Second, we can view the matter negatively. Reductionisms oversimplify. They wipe out and smash the richness of meaning in the poem, by a monomania for seeing only one meaning. Why? The existence of two irreducible aspects of the poem in harmonious interaction is evidence of a design and a Designer. Because men would rather flee from God and hide that evidence from themselves, they proclaim that an impersonal explanation “reducing” one to the other is sufficient explanation.

 

Mathematics as a priori Truth

My next two points about the nature of mathematics belong together. First, mathematics is the most “primitive” type of analogy in the poem. Second, its structure is bound up with the nature of the “language-system” of the poem. By these aphorisms or analogies I attempt to indicate both the unique subject-matter of mathematics and the unique impression that its truths are a priori.

Let us prepare the ground a little by reflecting on rhyme in the literal sense. The possibility of rhyme and the characteristics of rhyme in poetry are bound up with structures of similarity and difference in a language-system. Consider two words like “love” and “dove.” They rhyme if (1) the final vowel and any subsequent consonants are exactly the same in the two words; (2) the remaining parts of the two words are not identical in sound. By this definition “sight” and “site” are not “rhyming” words but words identical in sound (homonyms). Thus the phenomenon of rhyme derives from properties of both identity and difference in the phonemic system or sound system of the language. The potential for rhyme is “primitive” in the sense that it is based on very elementary properties of the phonemic system. The phonemic system in turn is the simplest and most basic of the language systems.

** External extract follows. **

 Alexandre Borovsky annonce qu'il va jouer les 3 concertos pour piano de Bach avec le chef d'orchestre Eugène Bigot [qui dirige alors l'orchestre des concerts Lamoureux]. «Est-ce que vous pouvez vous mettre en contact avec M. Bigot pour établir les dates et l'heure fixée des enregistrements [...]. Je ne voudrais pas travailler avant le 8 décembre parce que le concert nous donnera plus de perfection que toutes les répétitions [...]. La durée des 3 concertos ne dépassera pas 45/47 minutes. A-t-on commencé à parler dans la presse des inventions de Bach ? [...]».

Now let us compare this with mathematics. Mathematics likewise has to do with properties of identity and difference in the universe-in God’s macropoem. It focuses on the very most “elementary” properties, the properties of identity and difference, in the universe. This focus on identity and difference determines its unique perspective or subject-matter. Simultaneously, that focus helps to explain the apparently a priori character of mathematical truth. Again let us return to poetry. The possibilities for different rhyming syllables, for masculine rhymes, feminine rhymes, imperfect rhymes, and the like, are given a priori by the language system, before a poet sets his pen to paper. The monolingual can hardly conceive of rhyme being other than what it is in his system. Similarly, in mathematics we are all, in a sense, monolinguals. We have experience of only one universe. It is difficult to conceive of an alternative mathematics, because our thoughts are thoughts within a single created “system.” Mathematics is a statement of the fixed properties of the “rhyming” possibilities of that system.

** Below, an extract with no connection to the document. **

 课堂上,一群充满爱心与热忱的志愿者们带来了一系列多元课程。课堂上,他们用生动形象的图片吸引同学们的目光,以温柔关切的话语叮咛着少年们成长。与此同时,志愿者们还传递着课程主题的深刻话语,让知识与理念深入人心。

Am I making all of mathematics a matter of contingent rather than necessary truth? I appear to be saying that our inability to imagine things otherwise is a limitation in our created mind and in the creation around us, but not a limitation from God’s point of view. Is that so? Not necessarily. I am saying that we are finite. Our view of possibility must not legislate what might be possible for God under vastly different conditions. But God always acts consistently with his own nature. It is not true that God can do anything at all. He cannot lie, he cannot deny himself, he cannot change, and so on. God does whatever he wishes (Ps. 115:3). His wishes are always consistent with who he is.

Now, this has implications for mathematics. Mathematical regularities are a reflection of the faithfulness of God. Thus it may be that a large portion at least of ordinary low-level mathematics would necessarily hold in any universe that God might create. Let me again use the analogy of language. There is indeed more than one possible human language; there is more than one language system. But all human language systems have some structural properties in common. Within certain bounds, all are capable of rhyme. All human languages are characterized by certain constraints because of the nature of humanity. Analogously, we might say that all “systems of possibility” within which God speaks (creates) a universe-poem are constrained by the nature of God.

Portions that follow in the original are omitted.